Trimbach Riesling Cuvee Frederic Emile 2004

Trimbach trace their Alsace wimemaking history back to 1626, so it's no surprise they make a decent wine or two as they approach their 400th birthday. Although seven years old now, this wine is only just starting to develop now, and will drink well for another decade or more, in fact it will probably go down OK at the 400th. Very refined and elegant, it lacks the precision of the best years, but still balances its acidity with flavours of lemon, apricot and minerality that makes every glass a pleasure.

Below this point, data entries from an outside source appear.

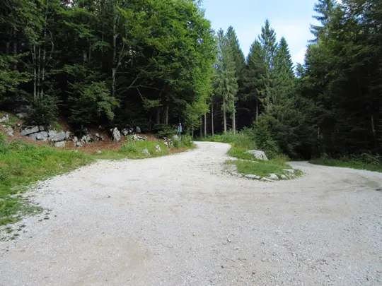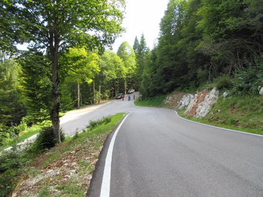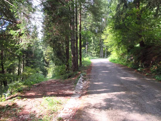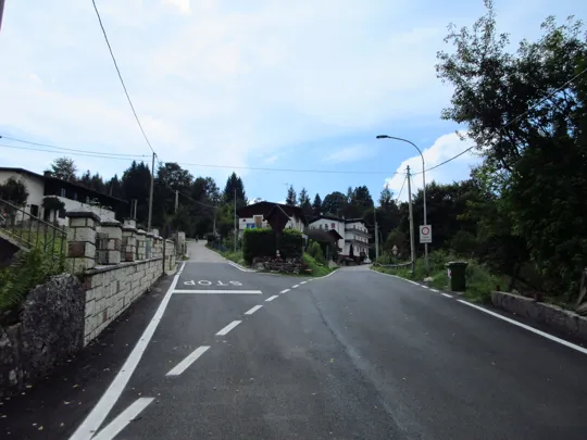 La strada asfaltata termina in un tornante di una strada bianca. Si prosegue ancora verso sinistra e sempre in salita.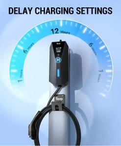 2. 2 Formas de Retrasar la Carga: El cargador EV Tera te permite programar la carga a través de la pantalla táctil incorporada y el sistema de a bordo de tu vehículo. Utilizando la pantalla táctil LED, puedes establecer el retraso de carga en incrementos horarios, hasta un máximo de 12 horas. Esta característica te permite cargar de manera conveniente durante las horas fuera de pico, ayudándote a reducir los costos de electricidad y optimizar el uso de energía.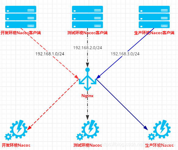 通俗一点说,针对不同环境的配置文件存储在不同的nacos上,nginx通过客户端的IP地址判断客户端所处环境,然后进行路由,从而客户端连接到符合其环境的Nacos上,获取正确的配置文件。客户端不需要根据环境做任何改变。如下图所示: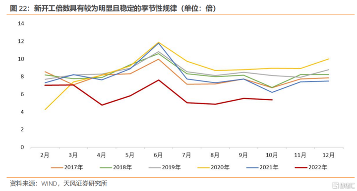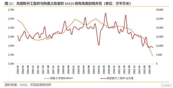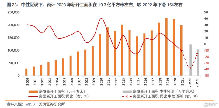 2023年的新开工面积与开工之前24个月的购置土地面积有高度的相关性,用“购置土地面积MA24 / 新开工面积”构建的“新开工倍数”具备较为稳定的季节性规律。利用月度购置土地面积数据,可预测在乐观、中性、悲观的假设下,2023年新开工面积分别为10.5、10.3、10.1亿方左右,较2022年预计分别下降-15%、-16%、-18%。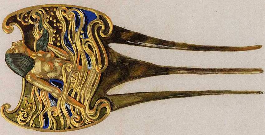 Перед зрителем — рисунок гребня изящной удлиненной волнистой формы, в верхней части украшенного композицией из золота и эмали, изображающей выныривающую из волн обнаженную нимфу.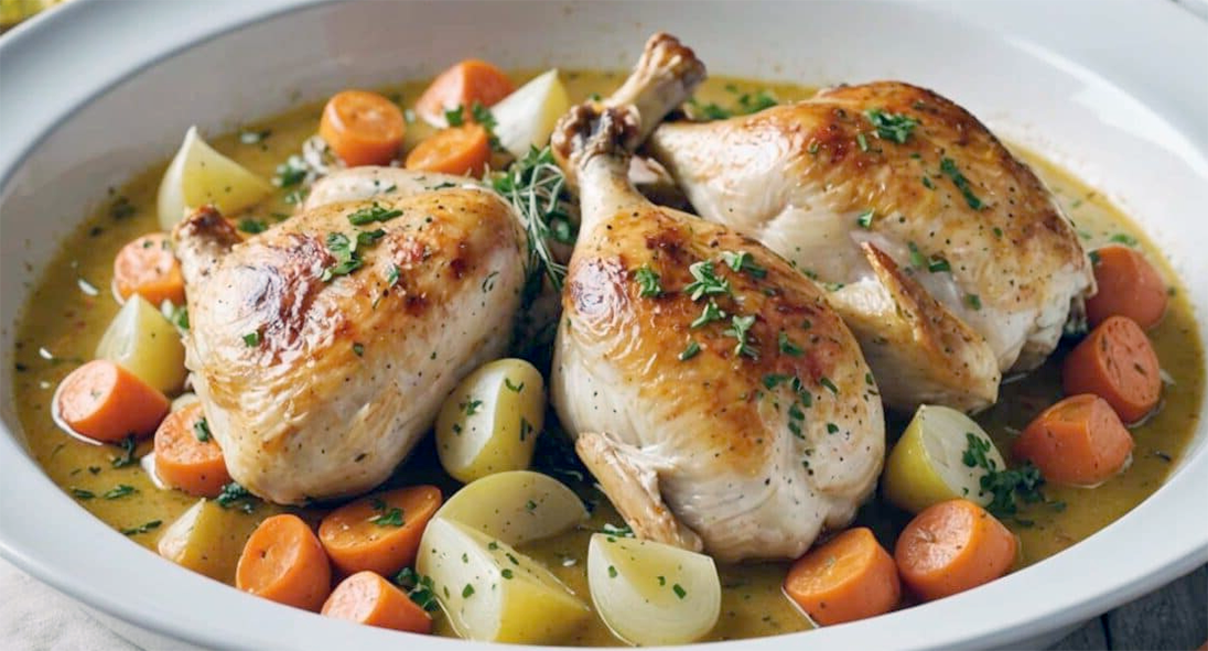 Cook for a further 90 minutes then garnish with the chopped parsley. When ready to serve, transfer the chicken to a warmed plate and carve. Serve the vegetables directly from he casserole.

Greenock Creek Cabernet Sauvignon 1997

Many years ago in Tokyo I hosted the Australian side in a blind-tasting wine challenge against the best of the USA. It was a fairly high budget affair, and I wasn't worried on the Shiraz front with Penfolds Grange 1998 against an overmatched Californian Syrah. However, it left little in the budget to go up against a mighty Napa Cabernet - the Shafer Hillside Select 1997. As you might have guessed, the Greenock Creek won the night - and perhaps neither wine is truly representative Cabernet, but both were beautiful wines. Nearly 10 years on, the Hillside Select is apparently getting better with age, and I'm pleased to say the Greenock Creek is still holding its own, and will for some time to come. They also make an ultra-premium Cabernet (and Shiraz) cuvee called 'Roennfeldt Road'. All wines are made in small/tiny quantities, but are definitely worth a look if you come across one.